T-Molding would also work


----------



## Floorwizard (Dec 5, 2003)

using a tmold over carpet is not the best of ideas. it will be stable under the wood, but the end that extends over the carpet will be soft and unstable.
causing premature cracking and breakage


----------



## kjwoodworking (Nov 21, 2007)

Florcraft nailed it. Don't use T track. I used a wood simulated metal transition piece on a floating floor I installed for added strength because customer was in a wheelchair. I had to make sure it had a big enough lip to compensate for the floating floor expanding and contracting with temperature change.

Good luck with your project.


----------



## silverlakeboyz (Dec 10, 2007)

*Carpet/Hardwood Transition*

I currently have carpeting transitioning to linoleum. I am installing floating hardwood next to the carpet. There is currently a transition (looks like metal shoe molding) that nails the carpet down. How do I remove this in order to use the end molding to transition from the floating floor to the carpet? If i pull this out then what do I nail the carpet to?


----------



## kjwoodworking (Nov 21, 2007)

I usually take a flat screwdriver and work it up under the edge of the metal molding (on the carpet side) and bend it up to release the carpet.
Work from one edge all the way across and release carpet-it will have little teeth to hold carpet. After you get carpet off it, you should see heads of nails that hold metal strip down.
In the past, I have installed the floating floor and where carpet meets floating floor, I fold it over and staple it or nail it down, staple works better.
I then used metal transition piece to cover the edge where carpet meets floating floor.

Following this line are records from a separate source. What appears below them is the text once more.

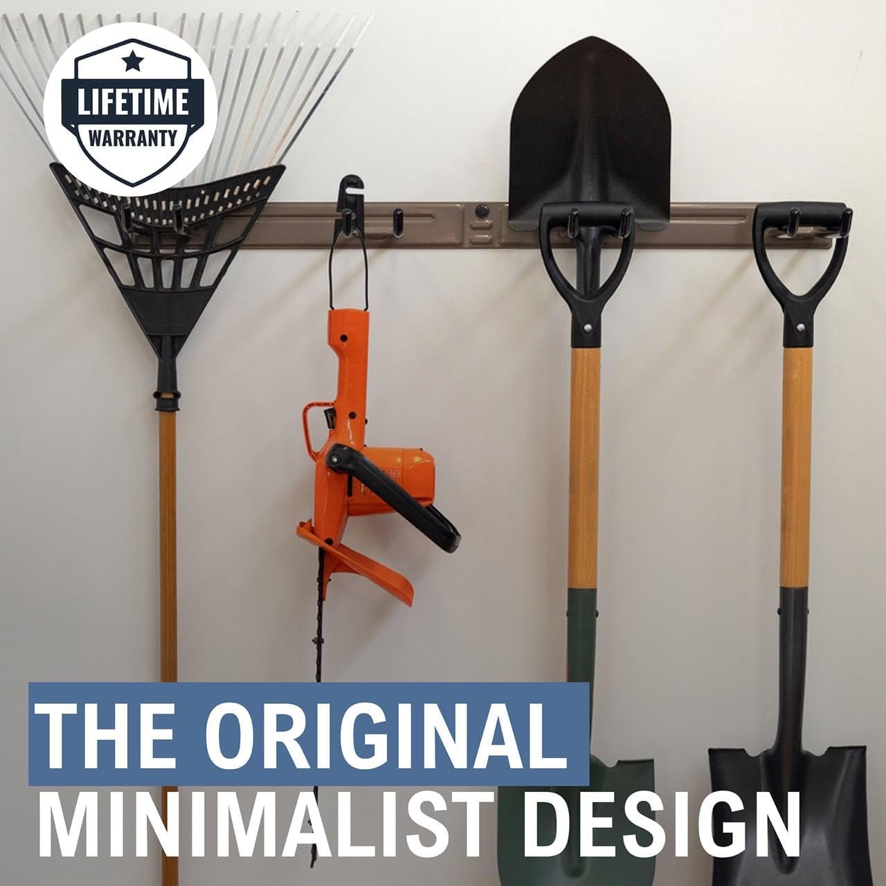 - RECLAIM YOUR GARAGE – Conquer clutter with this garden tool organizer designed for garage storage, sheds, or workshops. Measuring 36" L x 9.5" W x 2.5" H, it features four PVC-coated garage hooks and a 250 lb weight capacity, ideal for storing shovels, brooms, rakes, and power tools. Installs with 3 heavy-duty lag screws directly into 16" wall studs for secure, long-lasting support.
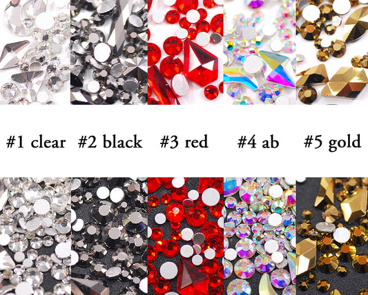 Glass Rhinestones For Nails Art Decorations / Mixed flat back shape Multi sized crystals Nail supply
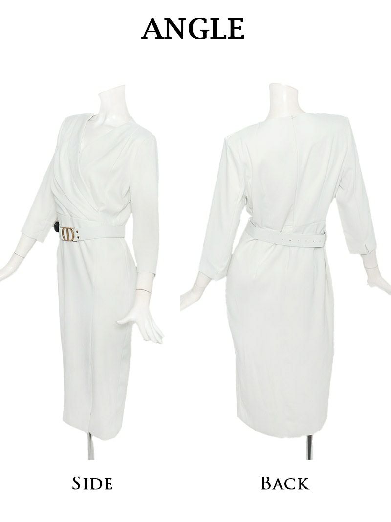 品よく色めく!知的にスタイルアップするタイトワンピース 先行予約割¥7980→¥7581!※予約販売※カシュクールラップデザインベルト付き韓国キャバクラタイトワンピース【DaysPiece】(S/M/L/XL)(ホワイト)
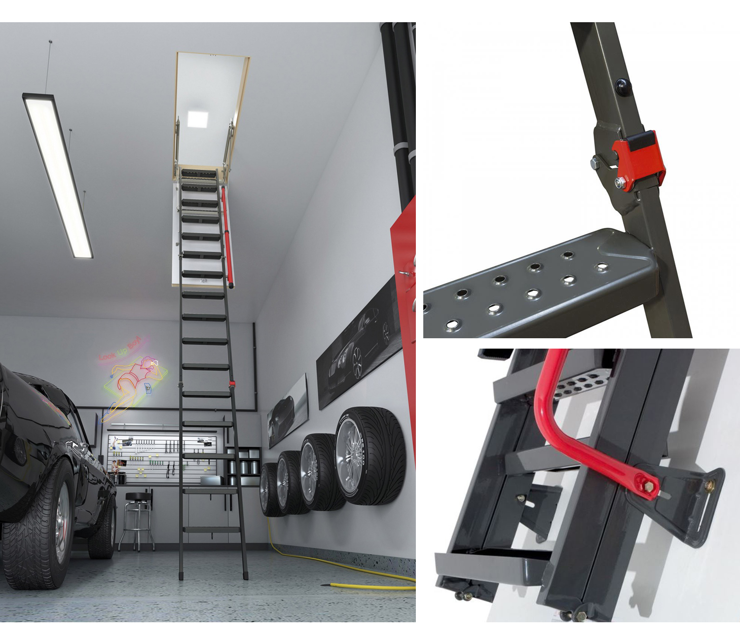 Складная чердачная лестница LMP состоит из марша и термоизоляционного люка. Металлическая лестница выдерживает повышенную нагрузку до 200 кг для безопасного подъема на чердак с вещами.
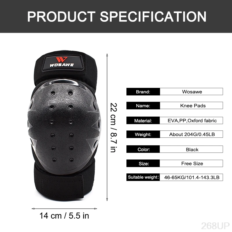 Наколенники изготовлены из высококачественной и прочной ткани. Подкладка из пены EVA обеспечивает отличную защиту, не ограничивая движений и позволяя наслаждаться спортом!

The piece I used you have to nail down- just be sure to nail into subfloor, not floating floor.
There are other ways of doing this too-if no one else here has any others you can also check with your local home improvement store or flooring store. 

Here are some pics of a easy floating floor instalation http://www.kjwoodworking.com/kitchenremodel/laminatedfloor.html

Hope this helps!


----------



## TopTipper (Dec 29, 2008)

I agree that the wood T over carpet doesn't work and will likely lead to cracking.


----------